# Task to carry out
When you reach the line in the listing below that contains "Fairy tale forest", begin returning lines exactly as written, and stop after the line that contains "The AJA Video". Return no other lines.

# Supplied data
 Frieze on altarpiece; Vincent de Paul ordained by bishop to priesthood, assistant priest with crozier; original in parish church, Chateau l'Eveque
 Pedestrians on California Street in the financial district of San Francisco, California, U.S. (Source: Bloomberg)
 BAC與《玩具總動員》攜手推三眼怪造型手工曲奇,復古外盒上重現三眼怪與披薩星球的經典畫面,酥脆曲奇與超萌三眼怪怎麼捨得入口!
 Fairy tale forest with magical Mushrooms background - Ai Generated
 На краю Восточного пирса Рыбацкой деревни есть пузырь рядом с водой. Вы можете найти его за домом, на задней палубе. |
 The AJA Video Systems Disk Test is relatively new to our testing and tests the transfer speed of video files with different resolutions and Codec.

* * *

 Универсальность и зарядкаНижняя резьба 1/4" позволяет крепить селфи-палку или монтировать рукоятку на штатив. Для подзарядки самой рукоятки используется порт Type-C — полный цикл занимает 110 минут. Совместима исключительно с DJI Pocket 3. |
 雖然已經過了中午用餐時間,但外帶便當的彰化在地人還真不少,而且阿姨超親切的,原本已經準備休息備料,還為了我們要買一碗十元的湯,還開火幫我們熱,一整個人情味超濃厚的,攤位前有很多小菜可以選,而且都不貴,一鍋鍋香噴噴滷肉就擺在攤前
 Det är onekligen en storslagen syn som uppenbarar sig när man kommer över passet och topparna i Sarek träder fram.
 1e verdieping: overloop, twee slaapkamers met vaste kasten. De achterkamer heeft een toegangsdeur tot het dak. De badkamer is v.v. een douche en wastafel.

* * *

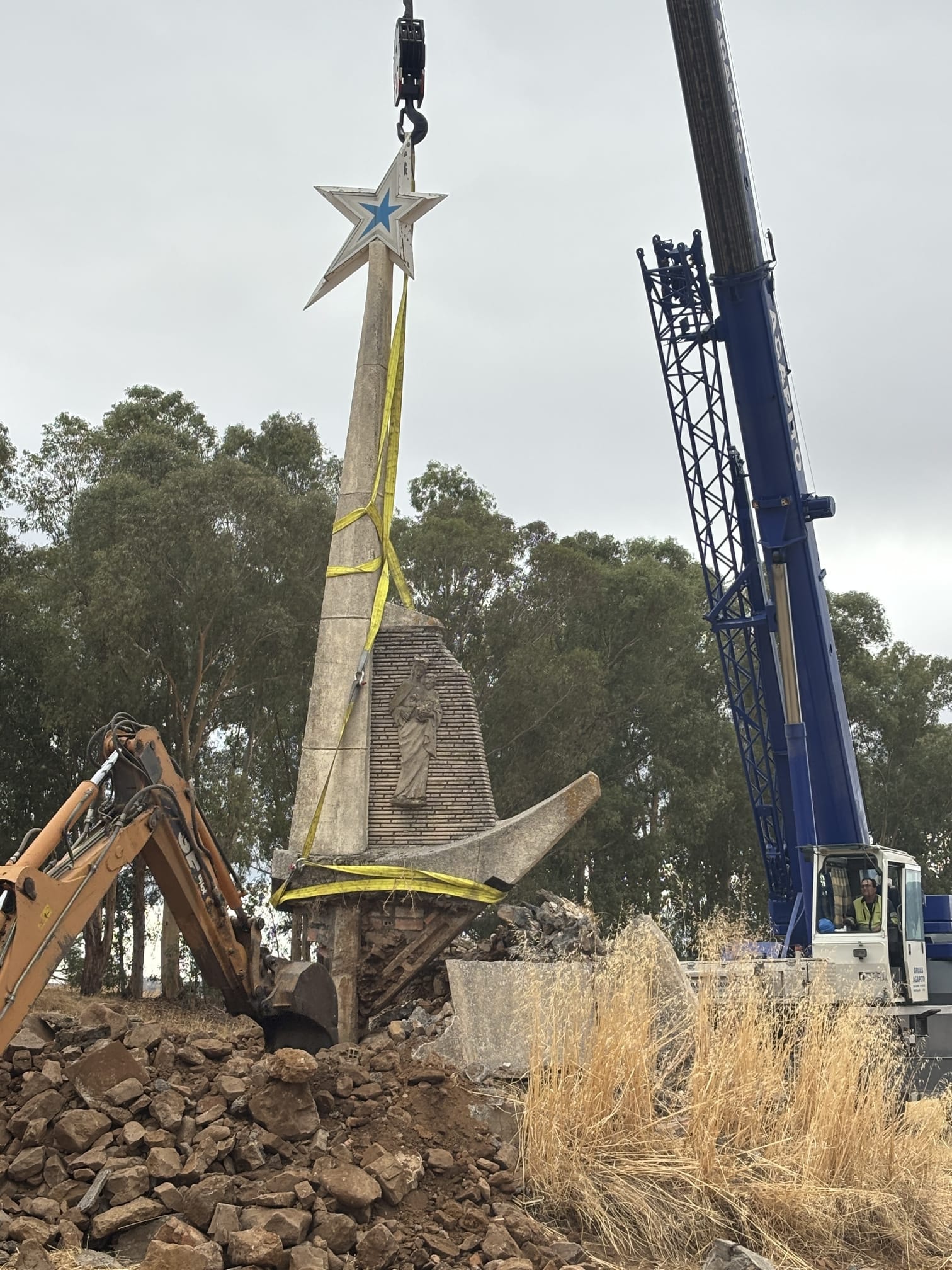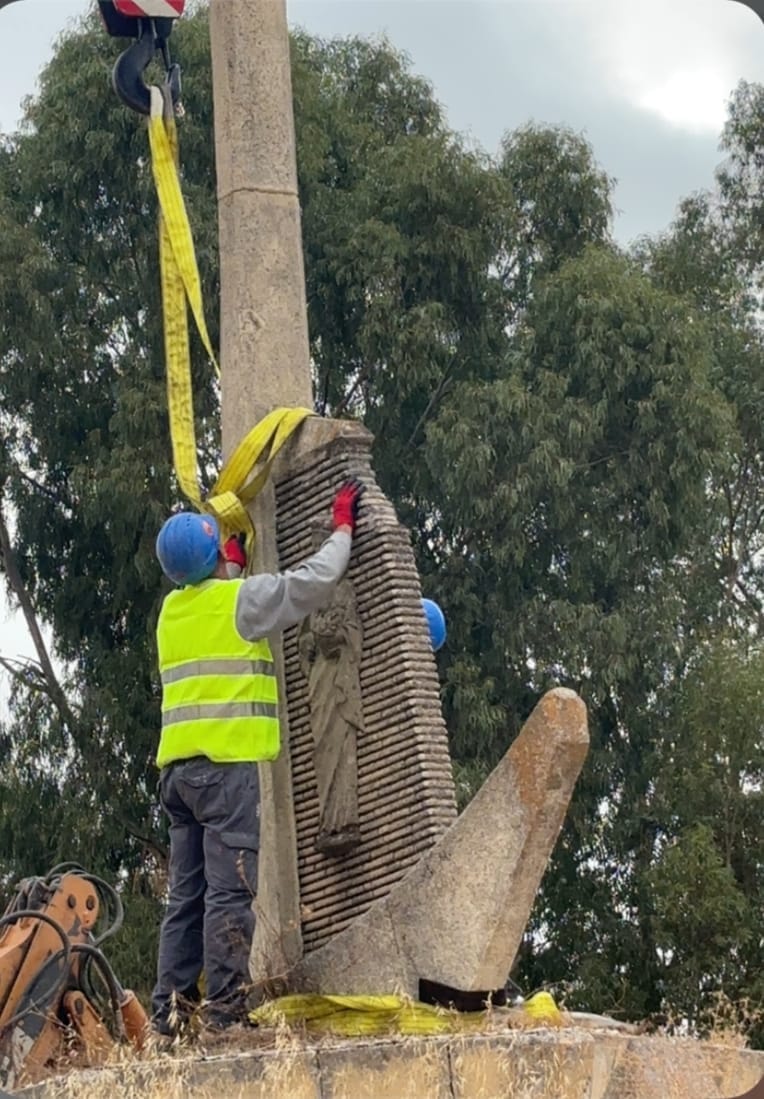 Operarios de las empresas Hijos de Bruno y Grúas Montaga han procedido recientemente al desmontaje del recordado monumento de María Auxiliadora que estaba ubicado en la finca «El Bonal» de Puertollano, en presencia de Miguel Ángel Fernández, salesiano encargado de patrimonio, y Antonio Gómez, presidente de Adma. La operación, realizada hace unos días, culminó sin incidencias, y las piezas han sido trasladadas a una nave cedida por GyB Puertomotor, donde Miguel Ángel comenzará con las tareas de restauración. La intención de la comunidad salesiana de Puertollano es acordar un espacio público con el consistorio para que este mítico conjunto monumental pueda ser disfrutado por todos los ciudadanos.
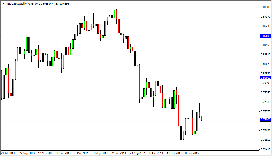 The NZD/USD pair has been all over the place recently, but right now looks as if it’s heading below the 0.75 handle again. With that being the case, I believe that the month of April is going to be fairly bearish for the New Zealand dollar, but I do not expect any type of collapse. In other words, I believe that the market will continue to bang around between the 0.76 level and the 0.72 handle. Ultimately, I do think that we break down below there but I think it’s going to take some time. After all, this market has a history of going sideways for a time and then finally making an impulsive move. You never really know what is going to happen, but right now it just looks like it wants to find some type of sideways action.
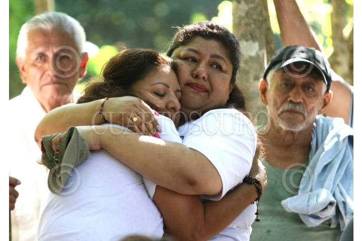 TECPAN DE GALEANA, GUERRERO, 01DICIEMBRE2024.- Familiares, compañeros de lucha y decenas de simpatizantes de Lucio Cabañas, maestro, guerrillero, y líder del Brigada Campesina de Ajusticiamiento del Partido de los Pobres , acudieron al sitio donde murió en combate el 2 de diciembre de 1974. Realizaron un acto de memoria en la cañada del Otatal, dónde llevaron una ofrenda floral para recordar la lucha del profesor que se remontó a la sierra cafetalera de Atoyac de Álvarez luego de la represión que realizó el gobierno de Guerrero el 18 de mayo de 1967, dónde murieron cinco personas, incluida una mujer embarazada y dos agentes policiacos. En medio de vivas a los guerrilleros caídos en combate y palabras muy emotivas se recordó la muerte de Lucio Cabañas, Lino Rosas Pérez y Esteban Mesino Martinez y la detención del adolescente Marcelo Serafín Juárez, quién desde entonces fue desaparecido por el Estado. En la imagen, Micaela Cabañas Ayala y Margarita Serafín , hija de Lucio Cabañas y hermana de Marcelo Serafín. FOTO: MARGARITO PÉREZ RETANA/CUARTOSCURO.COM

# Response box
 Fairy tale forest with magical Mushrooms background - Ai Generated
 На краю Восточного пирса Рыбацкой деревни есть пузырь рядом с водой. Вы можете найти его за домом, на задней палубе. |
 The AJA Video Systems Disk Test is relatively new to our testing and tests the transfer speed of video files with different resolutions and Codec.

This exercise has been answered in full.